[Data extracted from a collection]

- Opening Delimiter -

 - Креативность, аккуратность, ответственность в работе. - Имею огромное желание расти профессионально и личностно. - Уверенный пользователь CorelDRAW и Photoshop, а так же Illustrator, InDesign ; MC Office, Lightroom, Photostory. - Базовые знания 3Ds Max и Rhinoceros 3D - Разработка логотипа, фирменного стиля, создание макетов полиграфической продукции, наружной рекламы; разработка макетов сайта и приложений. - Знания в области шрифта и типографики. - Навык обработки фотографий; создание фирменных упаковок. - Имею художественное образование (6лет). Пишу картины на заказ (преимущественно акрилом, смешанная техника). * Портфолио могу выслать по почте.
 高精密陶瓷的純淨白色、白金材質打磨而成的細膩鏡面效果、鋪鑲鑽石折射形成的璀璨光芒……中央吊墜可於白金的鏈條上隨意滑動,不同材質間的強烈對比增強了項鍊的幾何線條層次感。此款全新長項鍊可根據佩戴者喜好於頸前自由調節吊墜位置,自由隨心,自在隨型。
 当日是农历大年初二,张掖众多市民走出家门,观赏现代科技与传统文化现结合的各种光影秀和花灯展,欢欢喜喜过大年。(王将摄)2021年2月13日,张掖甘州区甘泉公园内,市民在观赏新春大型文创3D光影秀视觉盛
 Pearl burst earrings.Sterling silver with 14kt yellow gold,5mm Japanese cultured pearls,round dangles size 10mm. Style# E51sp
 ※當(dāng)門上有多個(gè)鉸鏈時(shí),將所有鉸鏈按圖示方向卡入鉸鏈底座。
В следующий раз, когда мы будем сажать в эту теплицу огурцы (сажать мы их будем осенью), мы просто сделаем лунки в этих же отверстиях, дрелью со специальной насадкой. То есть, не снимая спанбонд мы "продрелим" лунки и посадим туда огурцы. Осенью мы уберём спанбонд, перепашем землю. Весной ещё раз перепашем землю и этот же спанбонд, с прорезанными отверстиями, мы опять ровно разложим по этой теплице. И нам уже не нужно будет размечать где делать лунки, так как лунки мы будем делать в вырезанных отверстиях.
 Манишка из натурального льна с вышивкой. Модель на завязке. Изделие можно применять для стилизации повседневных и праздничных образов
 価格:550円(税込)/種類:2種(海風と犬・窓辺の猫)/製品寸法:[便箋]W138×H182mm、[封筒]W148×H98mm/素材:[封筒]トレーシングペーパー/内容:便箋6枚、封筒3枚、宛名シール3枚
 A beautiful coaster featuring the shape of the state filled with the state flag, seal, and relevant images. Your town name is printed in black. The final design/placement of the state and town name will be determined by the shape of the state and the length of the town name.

- Closing Delimiter -

## Problem details
Word for word, repeat the data from its first line through the line with "当日是农历大年初二,张掖众多", including both of those lines and no others.

## Problem solution
 - Креативность, аккуратность, ответственность в работе. - Имею огромное желание расти профессионально и личностно. - Уверенный пользователь CorelDRAW и Photoshop, а так же Illustrator, InDesign ; MC Office, Lightroom, Photostory. - Базовые знания 3Ds Max и Rhinoceros 3D - Разработка логотипа, фирменного стиля, создание макетов полиграфической продукции, наружной рекламы; разработка макетов сайта и приложений. - Знания в области шрифта и типографики. - Навык обработки фотографий; создание фирменных упаковок. - Имею художественное образование (6лет). Пишу картины на заказ (преимущественно акрилом, смешанная техника). * Портфолио могу выслать по почте.
 高精密陶瓷的純淨白色、白金材質打磨而成的細膩鏡面效果、鋪鑲鑽石折射形成的璀璨光芒……中央吊墜可於白金的鏈條上隨意滑動,不同材質間的強烈對比增強了項鍊的幾何線條層次感。此款全新長項鍊可根據佩戴者喜好於頸前自由調節吊墜位置,自由隨心,自在隨型。
 当日是农历大年初二,张掖众多市民走出家门,观赏现代科技与传统文化现结合的各种光影秀和花灯展,欢欢喜喜过大年。(王将摄)2021年2月13日,张掖甘州区甘泉公园内,市民在观赏新春大型文创3D光影秀视觉盛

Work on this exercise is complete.